This must wait. This must prove. If he went away—enough! She had been hasty and implacable once—this time she would wait.
Beth would have liked to talk with David Cairns, but she could not bring up such a subject. This was not her sort of talk-material with him. Plainly he would not mention it, in the hope that her ears had missed it entirely.
She had even felt a rage against the Grey One for bringing the news. This helped to show how maddened and unjust she was, in those first terrible moments. Piece by piece she had drawn the odious thing from her caller, who was by no means inclined to spread and thicken the shadow of an evil tale. Marguerite Grey was not a weigher of motives, nor penetrative in the chemistry of scandal. So many testimonies had come to her of the world’s commonness that she had become flexible in judgment. What had been so terrible at first was to identify Andrew Bedient with these sordid things, so obvious and shallow. But was he identified with them? Rather, did he not feel himself sufficiently an entity to be safe in any company? Did he not trust her, and worth-while people, to grant him this much?... This was the highest point in the upsweep of her thoughts.
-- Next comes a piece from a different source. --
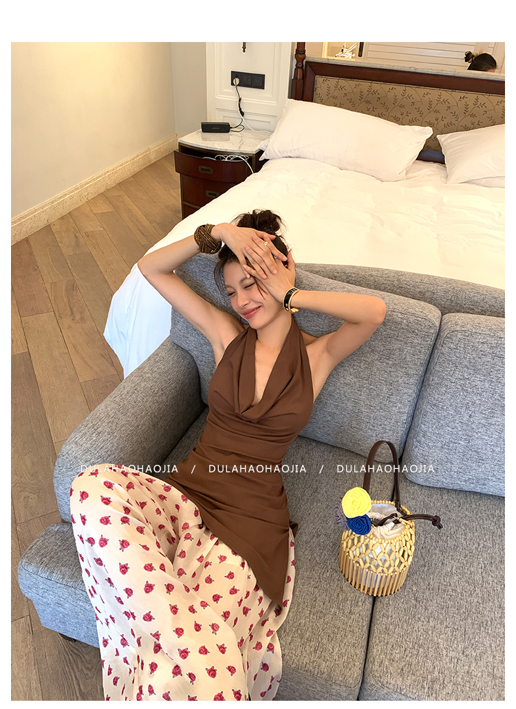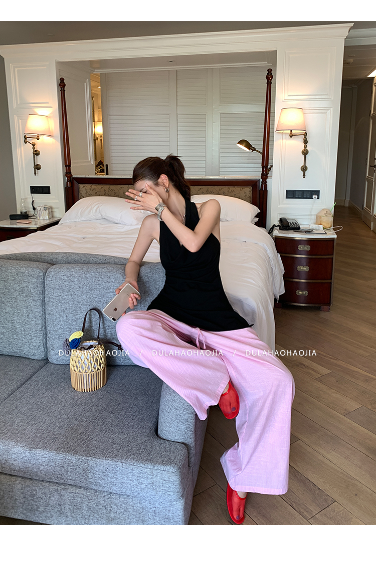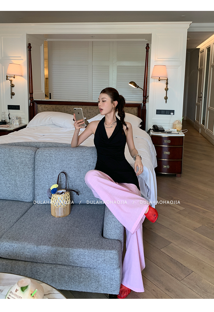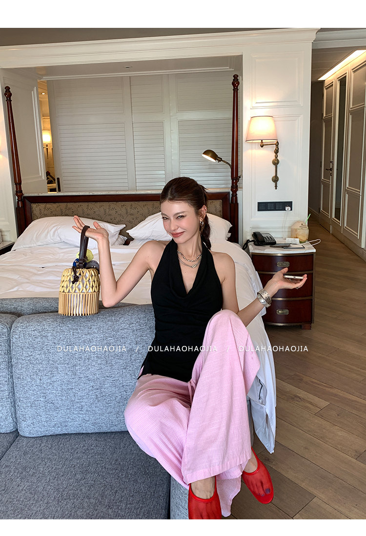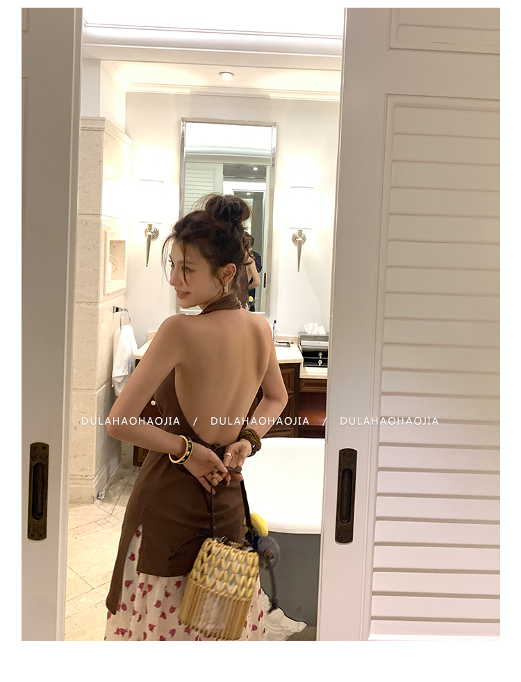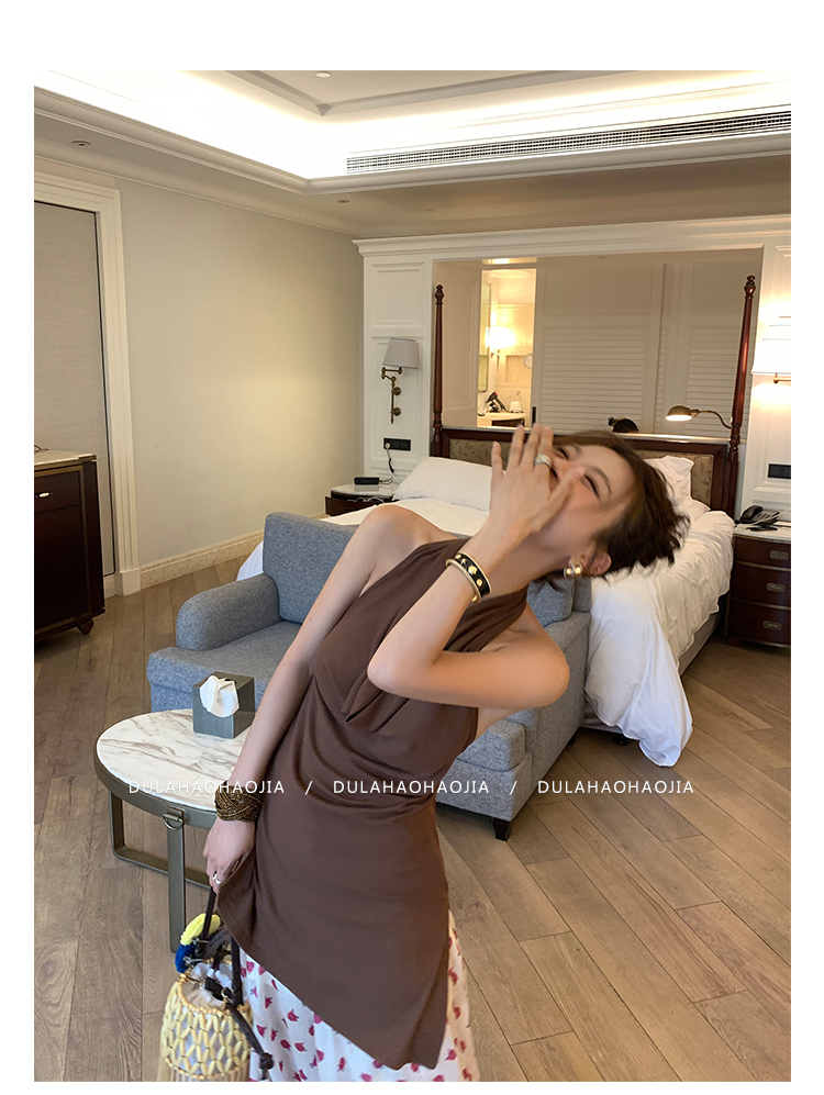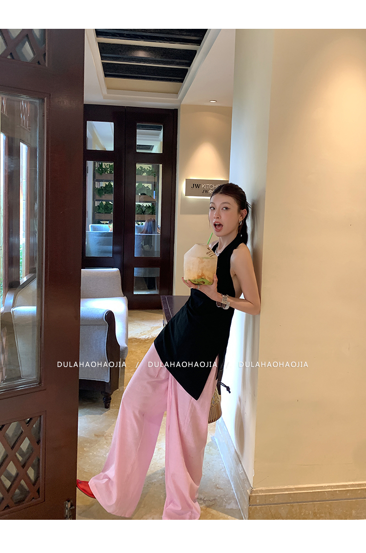 DULA Breathing Hanging Neck Collar Open-Forked Tank Top

So the story extracted from the Grey One was held free from its fatal aspect, until time should dissolve the matter of the shore.... After all, the lamplight, usually soft and mellow in the gold-brown room, held an alien, unearthly glitter for Beth’s strained eyes.... Was it that which kept the Shadowy Sister afar, as the light from the colored pane in the hall of his boyhood had frightened him?
TWENTY-FIRST CHAPTER
THE SINGING DISTANCES
David Cairns was coming along. He had ridden his ego down stream, until he heard the rapids. Now he was towing it back. He planned to go just as far and as fast up stream as he could. The current, to him, had become the crowd. One can see the crowd as it brushes past, as one can never see it from the ruck.... Sometimes it came to him in a flash, that this new David Cairns was but another lie and pose—but this couldn’t hold. It was a bit of deviltry that wouldn’t stand scrutiny. There had been too much unfolding o’ nights; too many gifts found upon the doorstep of his mind in the morning, revealing the sleepless activity of something identified with him, but wiser than he; too much cutting down of false cultures, and outpourings of sincere friendship, and general joy of giving. Then, there was some real clean-cut thinking that expressed itself with brevity and finish; and also, the wonder-working in his heart—the happiest thing that had ever befallen—his conception of the genius of woman in Vina Nettleton.